Beginning with the line that contains "Ce pull en pur" and ending with the line that contains "Supports static or", reproduce the lines of the entries below exactly, omitting pictures.

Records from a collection
◇ ◇ ◇ ◇ ◇ ◇ ◇

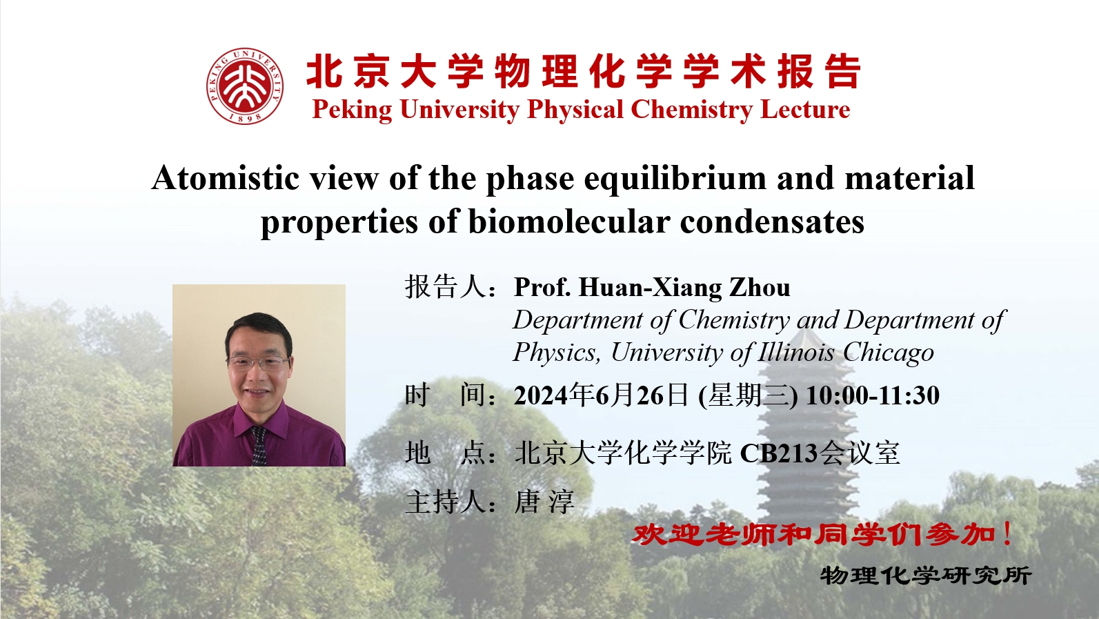 Huan-Xiang Zhou received his Ph.D. from Drexel University in 1988 and did postdoctoral work at the National Institutes of Health. After faculty appointments at Hong Kong University of Science and Technology, Drexel University, and Florida State University, he moved in 2017 to the University of Illinois Chicago, where he is Professor of Chemistry and Physics and holds an LAS Endowed Chair in the Natural Sciences. He was elected a fellow of the American Association for the Advancement of Science and a fellow of the American Physical Society. His group does theoretical, computational, and experimental research on molecular and cellular biophysics. Current interests include phase equilibrium and material properties of biomolecular condensates; membrane association and binding kinetics of intrinsically disordered proteins; functional mechanisms of glutamate-receptor ion channels; and structures and aggregation pathways of amyloid-beta and other amyloidogenic proteins.
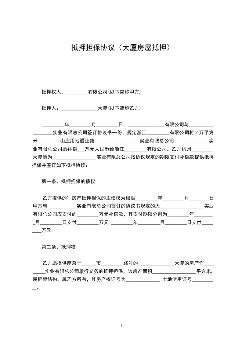 第一条甲方所有的位于的一处房产。(面积:_______________产权证号:_______________土地使用权证号:_______________)
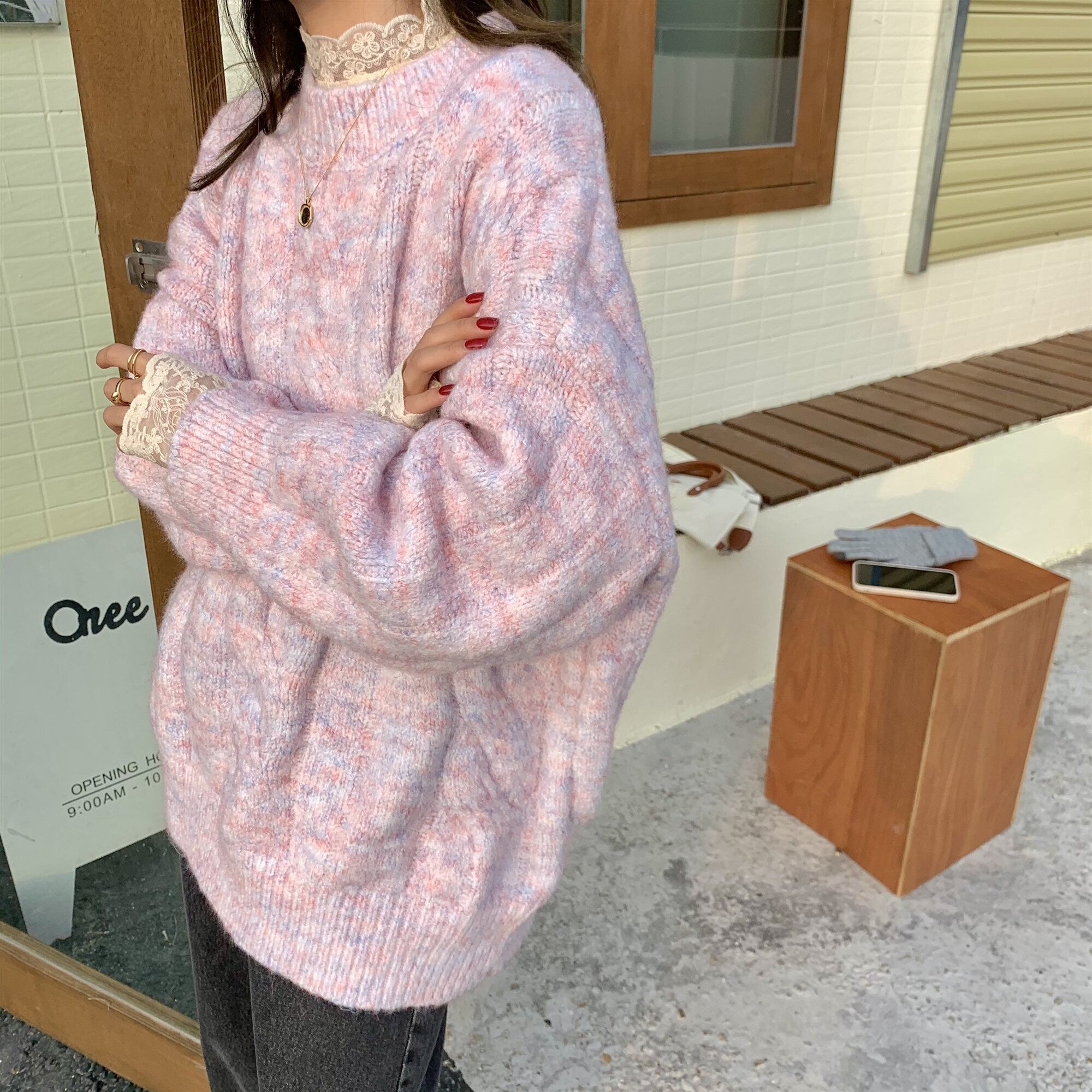 トップス ニット レディース セーター ツイスト ミックス 可愛い かわいい カワイイ ゆる ふわふわ ピンク ホワイト ラウンドネック 丸首 オーバーサイズ 春 秋 冬 ニュアンス カラー ファッション 通勤 通学 公園 散歩 ピクニック カッコイイ かっこいい クール 女っぽ 大人可愛い 大人 おとな 韓国 コーデ コーディネート 10代 20代 30代 40代 お洒落 おしゃれ オシャレ 送料無料 抜け感
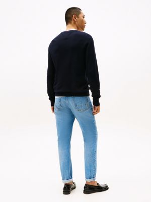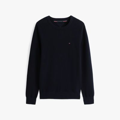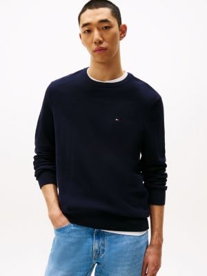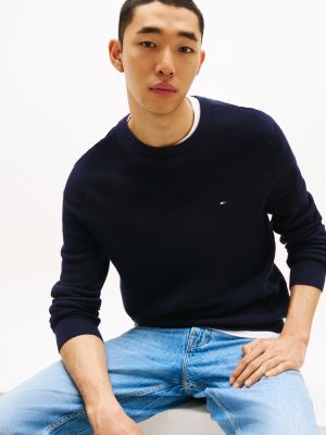 Ce pull en pur coton peigné tendance adopte un col ras-du-cou et un motif texturé.
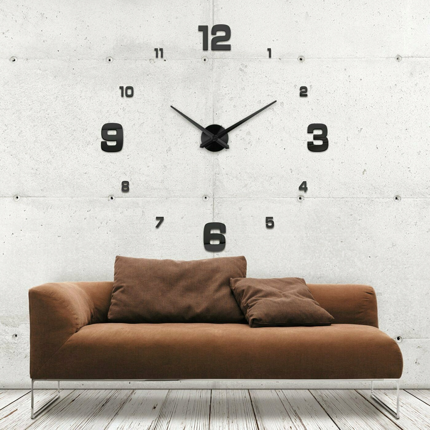 БОЛЬШИЕ 3D НАСТЕННЫЕ ЧАСЫ НАКЛЕЙКИ ЧЕРНЫЙ
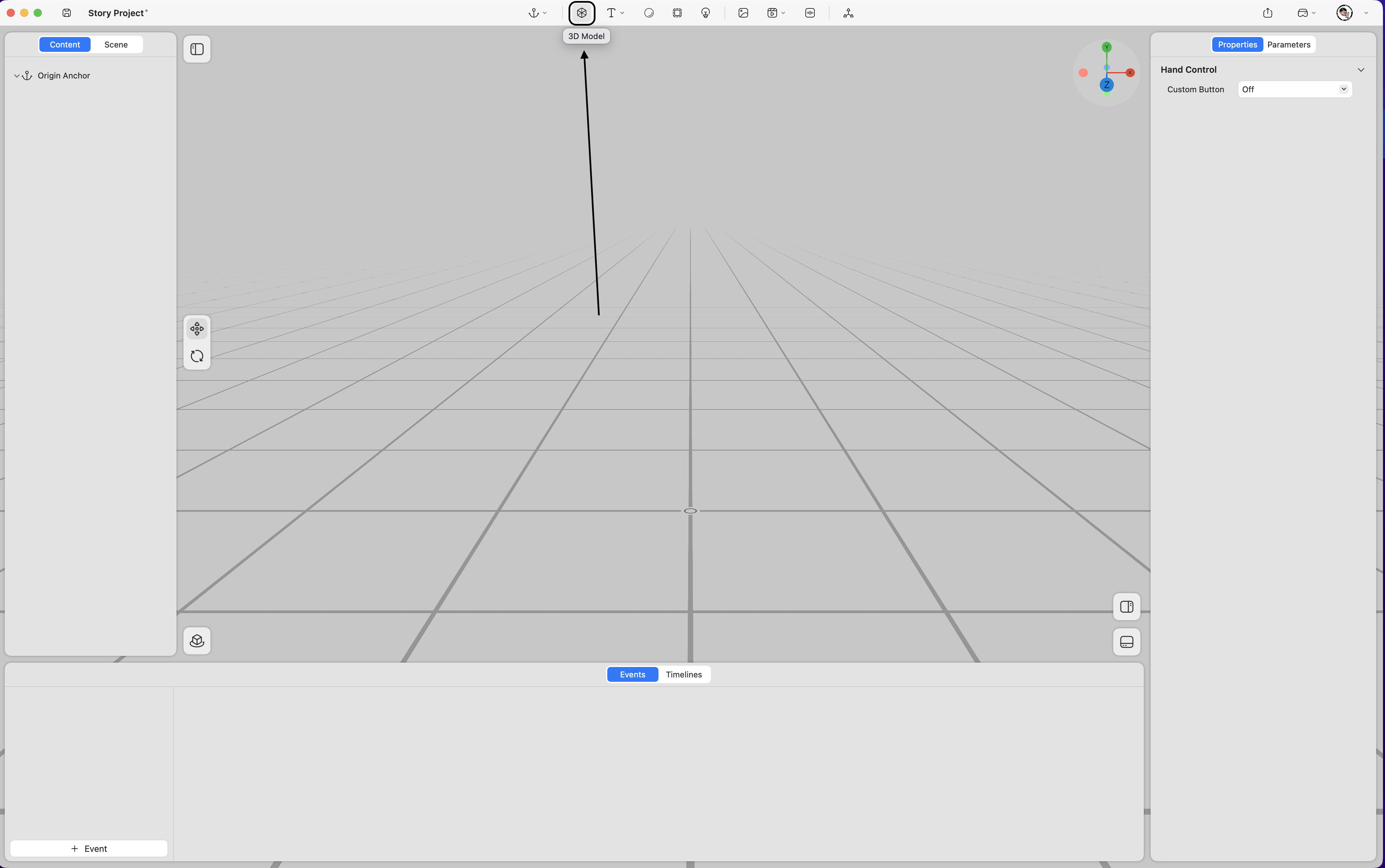 Supports static or animated models in .usdz format within the spatial environment.
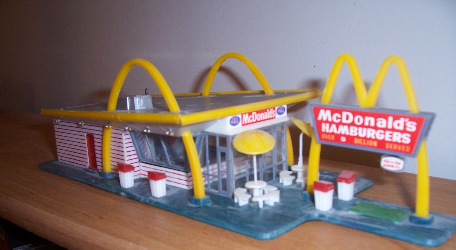Nice kit, Bus! I have had mine quite a few years and was bought as a boxed sealed kit. I had the freezee on my layout in the 1970's. An old favorite for sure! Here's a shot of my McDonalds, also taken 2/25/2008. Must have had them out taking pics on this day's eve. This was a sealed box with a price sticker on it which I attached to the box.
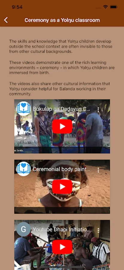 - videos to support Balanda to recognise Yolŋu education processes within ceremonial contexts.
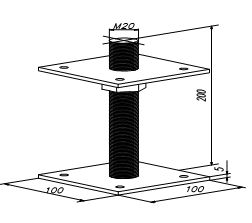 Состоит из двух оцинкованных стальных площадок, оцинкованной шпильки с резьбой М20, М24 и соответствующей гайкой.
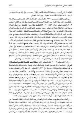 وجهت الخاص�ة التي أنج�زت مهمتها األخرية يف كانون األول/ديس�مرب .ويف الش�هر ذاتهّ ، الواليات املتحدة واململكة املتحدة رضبات جوية ضد العراق. ويف كانون األول/ديس�مرب ،1999أنش�أ مجلس األمن لجنة األمم املتحدة للرصد والتحقق والتفتي�ش (إنموفيك) لتحل محل اللجنة الخاصة لألم�م املتحدة .ويف ترشين الثاني/نوفمرب ،2002اتخ�ذ املجلس قراره )2002( 1441لتطبيق نظام معزز للتفتيش مع إعطاء العراق فرصة أخرية لالمتثال لقرارات املجلس .وعاد مفتش�و األمم املتحدة إىل العراق و ُقدمت إفادات يس لجنة األمم املتحدة للرصد والتحقق والتفتيش (إنموفيك) متك�ررة إىل املجلس من ِقبَل رئي ّ واملدي�ر العام للوكال�ة الدولية للطاقة الذري�ة .ويف منتصف عملية التف�اوض ،وخارج إطار مجلس األمن ،حددت إس�بانيا واململكة املتحدة والواليات املتحدة للعراق يوم 17آذار/مارس 2003حدّا ً زمنيا ً فاصالً لنزع سالحه نزعا ً تاماً .ومع اقرتاب موعد العمل العسكري ،أمر األمني العام بس�حب مفتيش األمم املتحدة يوم 17آذار/مارس وتعليق جميع العمليات .وبعد ثالثة أيام بدأ العمل العسكري للتحالف الذي تزعمته اململكة املتحدة والواليات املتحدة .ويف أعقاب س�قوط نظام صدام حسين ،اتخذ مجلس األمن يف أيار/مايو القرار ،)2003( 1483الذي أكد فيه حق شعب العراق يف تقرير مستقبله السيايس .واعرتف القرار بسلطات ومسؤوليات والتزامات التحالف (‘السلطة’) ،لحني تويل حكومة معرتف بها دوليا ً مقاليد األمور .كما رفع الجزاءات الدولية وأتاح األس�اس القانوني الس�تئناف عمليات األمم املتحدة يف العراق. ويف آب/أغس�طس ،2003أنش�أ مجلس األمن بعثة األمم املتحدة لتقديم املساعدة إىل العراق ،وأناط بها والية تنس�يق املعونة اإلنسانية وإعادة اإلعمار واملساعدة يف إقامة حكومة عراقية معرتف بها دوليا ً ذات سيادة .ويف 19آب/أغسطس ،كان مقر األمم املتحدة يف بغداد هدفا ً لهجوم إرهابي تس�بب يف وفاة 22شخصا ً وجرح أكثر من 150آخرين .وكان من بني القتىل 15من موظفي األمم املتحدة بمن فيهم رئيس البعثة ،سيرجيو فيريا دي ميللو .وقام األمين العام بس�حب معظم املوظفني الدوليين من بغداد وأبقى على فريق صغري معظمه من العراقيني لتوفري املس�اعدات اإلنسانية األساسية بما يف ذلك توفري األغذية واملاء والرعاية الصحية .ويف ترشين األول/أكتوبر ،أذن مجلس األمن بإنش�اء قوة متعددة الجنسيات تحت قيادة موحدة من أجل اتخاذ جميع التدابري الرضورية للمساهمة يف صون السالم واالستقرار يف العراق ،وكفالة األمن ملوظفي بعثة األمم املتحدة لتقديم املس�اعدة إىل العراق ومؤسس�ات اإلدارة العراقية االنتقالية .ويف ترشين الثاني/نوفمرب توصل مجلس الحكم العراقي وسلطة التحالف املؤقتة إىل اتفاق بشأن استعادة السيادة بحلول نهاية حزيران/يونيه .2004 ويف أعقاب طلب مقدم من مجلس الحكم العراقي وس�لطة التحالف املؤقتة للحصول عىل مس�اعدة األمم املتحدة يف االنتقال إىل الس�يادة ،أوفد األمني العام فريقا ً للمساعدة االنتخابية م�ن أجل تقييم االحتياجات الالزمة إلجراء انتخاب�ات ذات مصداقية يف كانون الثاني/يناير .2005وطلب أيضا ً من مستشاره الخاص بشأن العراق ،الذي وصل إىل العراق يف نيسان/ س�مى مجلس أبريل ،2004للعمل مع العراقيني بخصوص هذه الرتتيبات .ويف أيار/مايوّ ،

◇ ◇ ◇ ◇ ◇ ◇ ◇

(SOLUTION)
 Ce pull en pur coton peigné tendance adopte un col ras-du-cou et un motif texturé.
 БОЛЬШИЕ 3D НАСТЕННЫЕ ЧАСЫ НАКЛЕЙКИ ЧЕРНЫЙ
 Supports static or animated models in .usdz format within the spatial environment.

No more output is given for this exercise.